Figure 3. Electrochemical symmetric battery tests of different eutectic electrolytes, morphology of lithium deposition, and theoretical calculations.
Theoretical simulations can better understand the competitive solvation mechanism and ionic specifications of ternary eutectic electrolytes. According to Figure 3l-n, the radial distribution functions and coordination numbers of LB, LS, and LBS indicate that the first Li+ coordination shell in LB (within 2.80 Å) is primarily dominated by Li-OBL and Li-OTFSI at 1.93 Å, with coordination numbers of 2.85 and 1.08, respectively. For LS, peaks in the radial distribution functions (RDF) at 1.93 Å and 2.16 Å are clearly observed, attributed to Li-OTFSI and Li-NSN. This indicates that SN molecules participate in the solvation structure of Li+. By adding SN to form the ternary eutectic electrolyte (LBS), the RDF peak corresponding to the Li-OBL coordination structure at 1.93 Å significantly increases with the increasing SN content. This suggests an enhancement in coordination between Li+ and BL. (31)For LB and LS, each Li+-solvation shell is often coordinated with two or three TFSI– anions. In contrast, in the case of LBS, only one TFSI– anion (on average) is observed in the Li+-solvation shell (Moreover, the coordination number of Li-OTFSI decreases from 1.08 in LB to 0.93 in LBS, indicating that the introduction of SN facilitates the dissociation of Li+ and TFSI–. Notably, no RDF peak for Li-NSN is observed in the ternary eutectic electrolyte. Furthermore, the coordination number of Li-NSN significantly decreases from 2.11 in LS to 0.04 in LBS, indicating that SN does not participate in the solvation shell. These MD results corroborate the FTIR and Raman characterization results, further confirming the existence of competitive solvation structures in ternary eutectic electrolytes.
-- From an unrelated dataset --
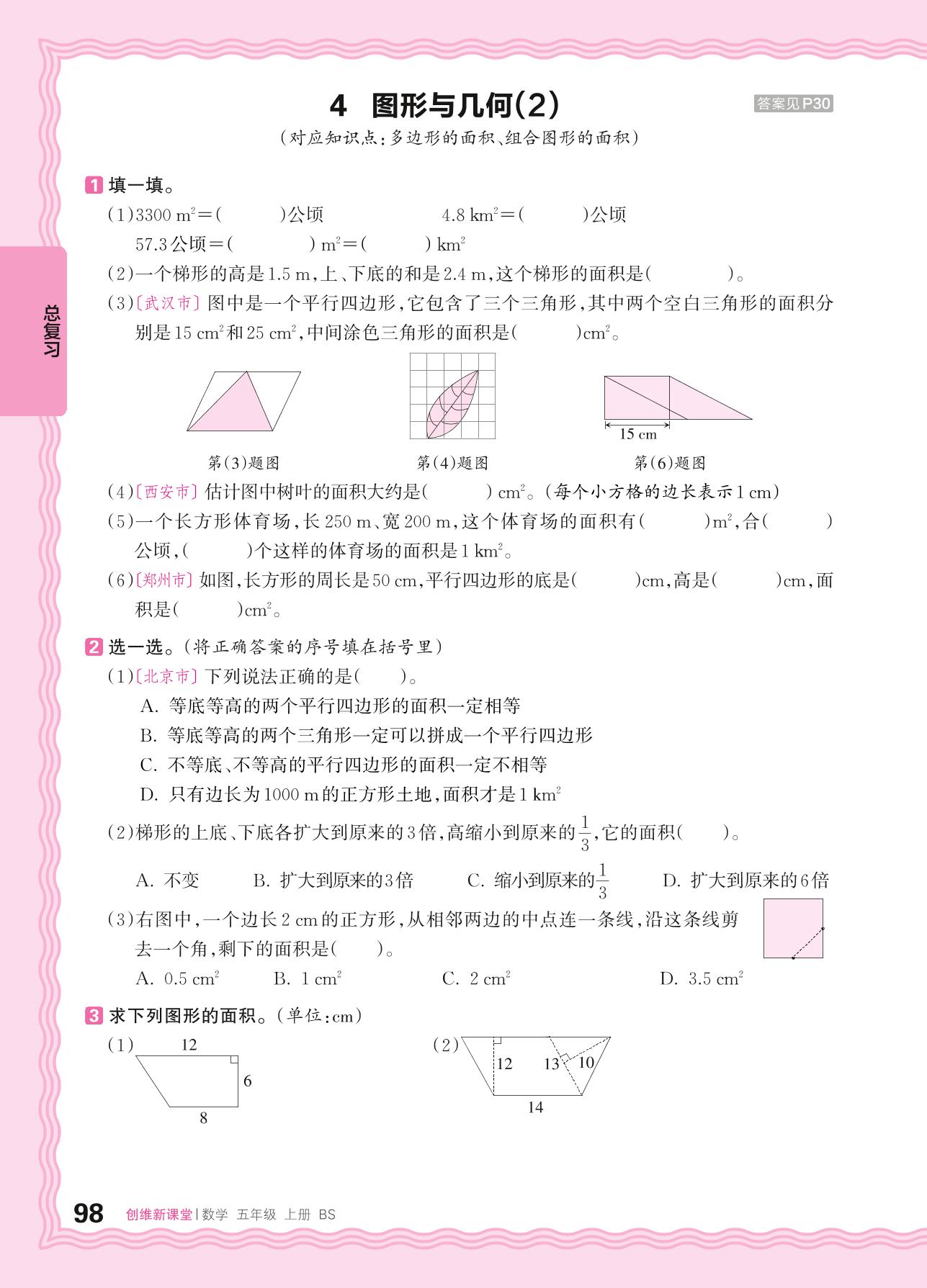 2024秋上册五年级数学北师版 总复习——4. 图形与几何(2)

In the case of LB, Li+ coordinates with the C═O of BL and the S═O of TFSI– anions, and as the amount of BL increases, Li+ preferentially coordinates with BL, facilitating the dissociation of Li+ and TFSI– anions. For the LS binary system, Li+ and SN are observed to form Li-N (approximately 2 Å), even when the amount of SN increases to 4. This is consistent with the observation of solvation structures involving LiTFSI and SN in LS using Raman spectroscopy. Additionally, the coordination of LiTFSI with different amounts of BL and SN in ternary eutectic electrolytes was verified, where Li+ preferentially coordinates with BL in the presence of SN, especially when the amount of BL exceeds 3. This verifies that SN does not participate in the solvation structure. Reduced Density Gradient (RDG) analysis shows weak intermolecular interactions between LiTFSI, BL, and SN. ESP analysis determined the electronic density of LBS, indicating that the negative electronegative regions of O atoms in BL and N atoms in SN suggest a trend of coordination with the positive charge regions around Li+, leading to a stable eutectic structure. The LiTFSI(BL)3 (SN)2 structure exhibits the lowest energy and a more uniform distribution of molecular electrostatic potential energy surfaces, indicating a high tendency for this coordination structure. This competitive solvation structure plays a crucial role in the formation of solid electrolyte interphase (SEI) membranes and electrolyte stability. Species coordinated with Li+ ions are strongly polarized and preferentially reduced, forming the main components of the SEI membrane. Therefore, in ternary eutectic electrolytes, the strong interactions between BL and TFSI– with Li+ largely determine the composition and structure of the SEI membrane. In contrast, SN does not participate in the solvation structure, reducing spontaneous chemical reactions between SN and metallic Li. Thus, the addition of SN reduces the viscosity of the electrolyte and enhances ionic conductivity.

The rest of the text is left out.